Without copy, every use of a value is a move -- the original variable becomes invalid.

`drop` -- Discardable

A struct with drop can be silently destroyed when it goes out of scope. Without drop, the compiler forces you to explicitly handle every value -- you cannot just let it disappear:

move
// This has drop -- it can be created and immediately discarded
public struct XAuth has drop {}

// This does NOT have drop -- you must explicitly destroy it
public struct OnlineReceipt has key {
    id: UID,
    turret_id: ID,
}

The absence of drop is what makes the "hot potato" pattern work (covered in the turret tutorials).

Capability-Based Access Control

The capability pattern uses object ownership to prove authorization. If a function requires a reference to AdminCap, only the account holding that object can call it:

move
public fun set_rule<K: copy + drop + store, V: store + drop>(
    config: &mut ExtensionConfig,
    _: &AdminCap,          // <-- proves the caller owns AdminCap
    key: K,
    value: V,
) {
    if (df::exists_(&config.id, copy key)) {
        let _old: V = df::remove(&mut config.id, copy key);
    };
    df::add(&mut config.id, key, value);
}

Notice the _: &AdminCap parameter.

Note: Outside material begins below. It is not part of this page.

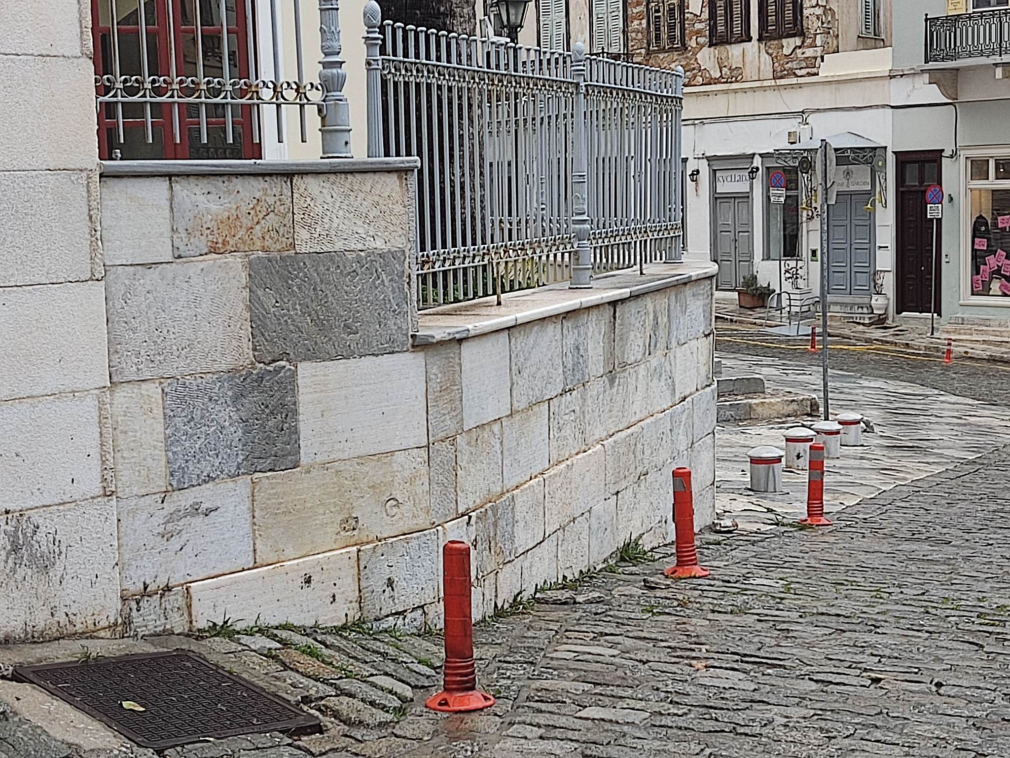 Ανομοιόμορφη εικόνα αναφορικά με τα πλαστικά κολωνάκια καταγράφεται στο ιστορικό κέντρο της Ερμούπολης, αφού ο Δήμος δεν διαθέτει ενιαία πρακτική σχετικά με τις προμήθειες ως φαίνεται, με αποτέλεσμα η ακαλαισθησία να κυριαρχεί σε όλους τους δρόμους.

The function does not even use the value -- it only needs proof that the caller has it. The underscore is idiomatic Move for "I need this type but not the value."

The AdminCap is created once during init and transferred to the deployer:

move
fun init(ctx: &mut TxContext) {
    let admin_cap = AdminCap { id: object::new(ctx) };
    transfer::transfer(admin_cap, ctx.sender());
    // ...
}

From that point on, whoever holds the AdminCap object can perform admin operations. Transfer it to a multisig address, and you have multisig-gated admin access. Destroy it, and admin operations become impossible forever.

The Typed Witness Pattern

While capabilities work for "who can do this?" authorization, the typed witness pattern answers a different question: "which extension is authorized to do this?"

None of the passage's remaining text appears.